In the KinectInterface project, the ISensor interface is defined in the namespace KinectInterface.Interfaces. This interface must be implemented by all classes that encapsulate the access to the Kinect sensor.

public class KinectSensorEventArgs { public KinectSensorEventArgs(bool av) { IsAvailable = av; } public bool IsAvailable { get; private set; } } public delegate void KinectSensorEventHandler(object sender, KinectSensorEventArgs e); public interface ISensor { event KinectSensorEventHandler AvailableChanged; bool IsOpen { get; } BodyVector NextBody { get; } void Start(); void Stop(); }

This interface defines an AvailableChanged event to notify the application when sensor availability changes.

The IsOpen property is used to check whether the sensor is active or inactive.

With the property NextBody you can get the following skeleton read from the sensor, as a BodyVector object.

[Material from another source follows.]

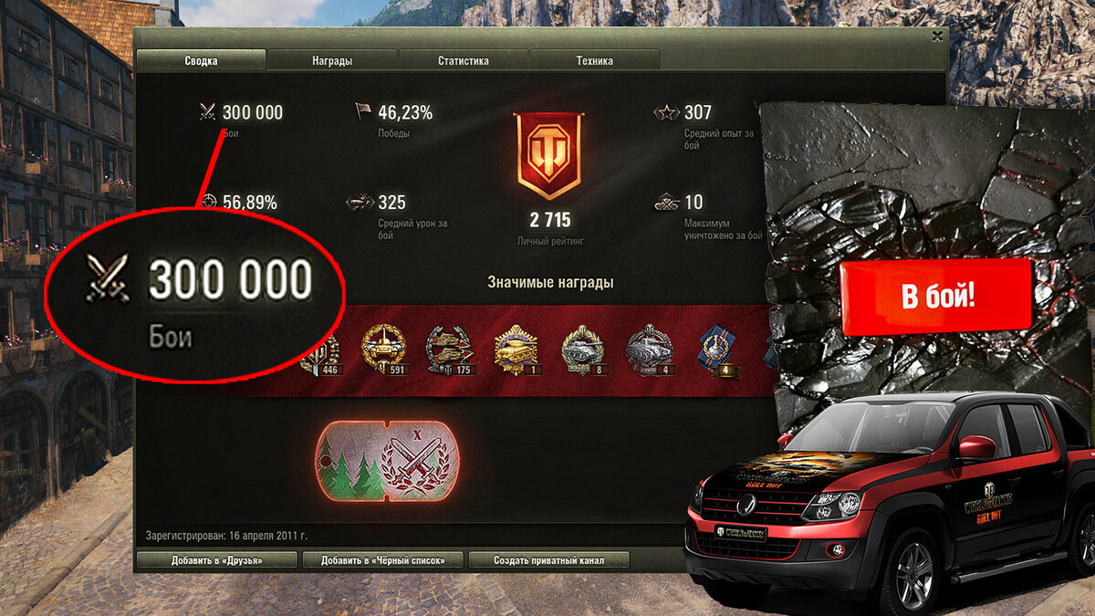 Всем привет! Еще никто в игре не преодолел планку в 300 тыс. боёв. И тот, кто сделает это первым - получит уникальный подарок от разработчиков, которой они подготовили еще очень давно... Автомобиль, дача или надгробная плита? Об этом в сегодняшнем выпуске.

The Start and Stop methods are used to start or stop capturing.

The Sensor class

This class implements the ISensor interface. In order to completely isolate this library of classes from the application, instead of putting a reference to the assembly in the main application, two post-compilation events have been implemented in the KTSensor20 project to copy the generated class library, in addition to the Microsoft.Kinect.dll assembly, required to access the sensor. The version of this last library will depend on the version of the SDK that we are using.

copy $(TargetPath) $(SolutionDir)KinectGestures\$(OutDir) copy $(TargetDir)Microsoft.Kinect.dll $(SolutionDir)KinectGestures\$(OutDir)

In the class constructor, we get an instance of the KinectSensor class in the variable _kSensor and then we subscribe to the IsAvailableChanged event, which informs when the sensor is available to be used or is no longer available.

public Sensor() { _kSensor = KinectSensor.GetDefault(); _kSensor.IsAvailableChanged += new EventHandler<IsAvailableChangedEventArgs>( Sensor_IsAvailableChanged); }

The Sensor class in turn exposes the AvailableChanged event to receive these same notifications.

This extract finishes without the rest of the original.